British Columbia Flood “Dairy Resilience Test”, Association says


Farmers in southern British Columbia are gathering to save livestock as part of the Fraser Valley remains underwater from catastrophic floods, members of the state’s dairy farms association said. increase.

Holger Schwichtenberg, president of the BC Dairy Association, said it was not yet known how many farmers were working to move the milking cows, but in such situations they helped drive the animals out of the field. Ask for.

He said 25 to 30 cows had been shipped to his own farm in Agassiz on Tuesday from another farm in Fraser Valley, east of Vancouver.

“This is an example of the industry coming together when things are really ugly,” says Schwichtenberg. “We are doing our best in the situation we are handed over, which is a tough situation.”

The movement of livestock is time consuming and stressful for the animals and people involved.

“You have a truck, you have a neighbor, you have a pickup truck or someone who has something to carry a cow, and you start moving them up high or you We prepared to remove them from the site, “said Schwitchtenberg.

Abbotsford Mayor Henry Brown elaborated on some of the livestock rescue efforts taking place in the Fraser Valley community at a press conference where he announced an order to evacuate 1,100 homes in the Sumas Prairie area.

Brown said on Tuesday that he witnessed residents using powerboats to carry cattle from a flooded barn. He said people were putting calves in boats and trying to trample cold water to prevent animals from being left behind.

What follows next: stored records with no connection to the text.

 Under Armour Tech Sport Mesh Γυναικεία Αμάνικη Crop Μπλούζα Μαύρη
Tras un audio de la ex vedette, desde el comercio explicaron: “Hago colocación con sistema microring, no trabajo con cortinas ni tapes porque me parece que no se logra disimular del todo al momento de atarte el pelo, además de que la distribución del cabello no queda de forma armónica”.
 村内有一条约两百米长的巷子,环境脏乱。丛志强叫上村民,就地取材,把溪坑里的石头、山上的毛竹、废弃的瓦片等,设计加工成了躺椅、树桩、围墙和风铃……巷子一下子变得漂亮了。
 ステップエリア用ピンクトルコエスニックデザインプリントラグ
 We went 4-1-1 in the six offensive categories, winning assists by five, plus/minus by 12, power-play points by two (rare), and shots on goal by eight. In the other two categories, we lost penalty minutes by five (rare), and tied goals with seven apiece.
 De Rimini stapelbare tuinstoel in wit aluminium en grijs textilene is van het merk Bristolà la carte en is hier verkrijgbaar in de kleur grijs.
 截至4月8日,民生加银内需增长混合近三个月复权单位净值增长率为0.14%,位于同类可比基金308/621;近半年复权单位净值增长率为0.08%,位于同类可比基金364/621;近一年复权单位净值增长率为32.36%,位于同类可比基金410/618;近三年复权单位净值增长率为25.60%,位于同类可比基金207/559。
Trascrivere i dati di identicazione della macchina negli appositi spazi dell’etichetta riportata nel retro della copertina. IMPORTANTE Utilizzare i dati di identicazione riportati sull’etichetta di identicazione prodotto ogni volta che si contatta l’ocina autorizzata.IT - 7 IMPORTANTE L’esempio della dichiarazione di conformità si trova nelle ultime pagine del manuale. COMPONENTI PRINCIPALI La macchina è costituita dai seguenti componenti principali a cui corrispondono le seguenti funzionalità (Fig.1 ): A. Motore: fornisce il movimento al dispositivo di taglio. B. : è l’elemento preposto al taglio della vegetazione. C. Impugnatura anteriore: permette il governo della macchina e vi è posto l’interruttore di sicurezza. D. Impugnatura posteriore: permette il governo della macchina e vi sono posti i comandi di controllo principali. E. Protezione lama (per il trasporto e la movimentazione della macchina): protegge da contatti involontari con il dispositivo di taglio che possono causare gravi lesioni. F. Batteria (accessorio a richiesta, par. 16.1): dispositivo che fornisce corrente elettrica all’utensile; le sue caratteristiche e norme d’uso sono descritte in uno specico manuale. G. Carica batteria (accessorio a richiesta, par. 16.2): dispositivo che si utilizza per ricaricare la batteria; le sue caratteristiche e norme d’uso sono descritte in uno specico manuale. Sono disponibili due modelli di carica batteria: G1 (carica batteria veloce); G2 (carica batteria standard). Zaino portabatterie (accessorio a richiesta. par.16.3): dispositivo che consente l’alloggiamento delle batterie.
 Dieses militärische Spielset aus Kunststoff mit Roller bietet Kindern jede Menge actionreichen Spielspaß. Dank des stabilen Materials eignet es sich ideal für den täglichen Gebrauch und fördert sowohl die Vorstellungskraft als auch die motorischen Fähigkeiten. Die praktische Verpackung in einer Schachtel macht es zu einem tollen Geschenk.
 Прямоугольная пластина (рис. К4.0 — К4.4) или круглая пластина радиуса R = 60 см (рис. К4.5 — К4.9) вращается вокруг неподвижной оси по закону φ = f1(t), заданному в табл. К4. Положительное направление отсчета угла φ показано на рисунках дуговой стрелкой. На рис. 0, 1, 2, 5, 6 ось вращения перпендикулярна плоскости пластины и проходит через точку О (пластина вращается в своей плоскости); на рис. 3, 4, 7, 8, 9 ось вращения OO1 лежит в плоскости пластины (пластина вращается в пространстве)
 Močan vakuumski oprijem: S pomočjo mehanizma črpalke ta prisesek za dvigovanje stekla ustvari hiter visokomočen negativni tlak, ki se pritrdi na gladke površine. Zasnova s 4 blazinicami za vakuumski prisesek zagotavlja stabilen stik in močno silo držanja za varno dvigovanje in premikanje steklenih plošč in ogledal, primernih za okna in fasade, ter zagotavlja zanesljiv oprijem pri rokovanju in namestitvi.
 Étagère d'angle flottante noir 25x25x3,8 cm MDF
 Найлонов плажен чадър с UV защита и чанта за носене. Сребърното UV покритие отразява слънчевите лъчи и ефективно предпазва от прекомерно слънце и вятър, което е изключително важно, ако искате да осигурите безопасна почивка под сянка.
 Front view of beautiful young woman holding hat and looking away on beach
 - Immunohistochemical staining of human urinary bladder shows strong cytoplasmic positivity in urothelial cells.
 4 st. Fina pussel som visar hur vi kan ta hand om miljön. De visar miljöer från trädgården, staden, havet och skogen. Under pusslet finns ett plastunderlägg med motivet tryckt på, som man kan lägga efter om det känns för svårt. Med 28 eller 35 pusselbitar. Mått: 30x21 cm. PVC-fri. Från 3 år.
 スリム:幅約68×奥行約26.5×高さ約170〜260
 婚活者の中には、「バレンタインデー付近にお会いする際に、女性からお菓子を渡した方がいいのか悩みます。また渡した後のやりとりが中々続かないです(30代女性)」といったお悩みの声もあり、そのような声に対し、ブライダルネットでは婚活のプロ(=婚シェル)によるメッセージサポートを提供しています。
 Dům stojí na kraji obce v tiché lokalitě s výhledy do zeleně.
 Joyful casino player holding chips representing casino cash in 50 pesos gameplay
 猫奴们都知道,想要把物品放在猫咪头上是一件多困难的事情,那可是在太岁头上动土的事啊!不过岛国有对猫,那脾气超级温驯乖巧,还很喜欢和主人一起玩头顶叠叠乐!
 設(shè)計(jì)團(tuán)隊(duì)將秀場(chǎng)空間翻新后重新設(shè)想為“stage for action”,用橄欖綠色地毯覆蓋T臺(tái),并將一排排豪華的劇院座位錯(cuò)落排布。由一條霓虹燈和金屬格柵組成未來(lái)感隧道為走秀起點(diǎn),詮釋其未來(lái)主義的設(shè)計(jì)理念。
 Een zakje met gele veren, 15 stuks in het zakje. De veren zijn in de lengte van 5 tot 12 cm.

“They want to protect their animals. Many will give their lives for them,” Brown told reporters.

“It’s heartbreaking to see what’s happening to those farmers.”

The mayor also said he was concerned that livestock feed could be in short supply.

“There are thousands of cows in the prairie.”

Schwitchtenberg said he hadn’t heard about the loss of animals yet, but said the floods this week have put a strain on the industry, which has been still upset since the miserable summer.

“We had a long, hot summer. Unless there was a continuous impact of irrigation and COVID, the growing season was very poor, and now we are in this situation,” he said. ..

“It’s testing the resilience of dairy workers, it’s for sure.”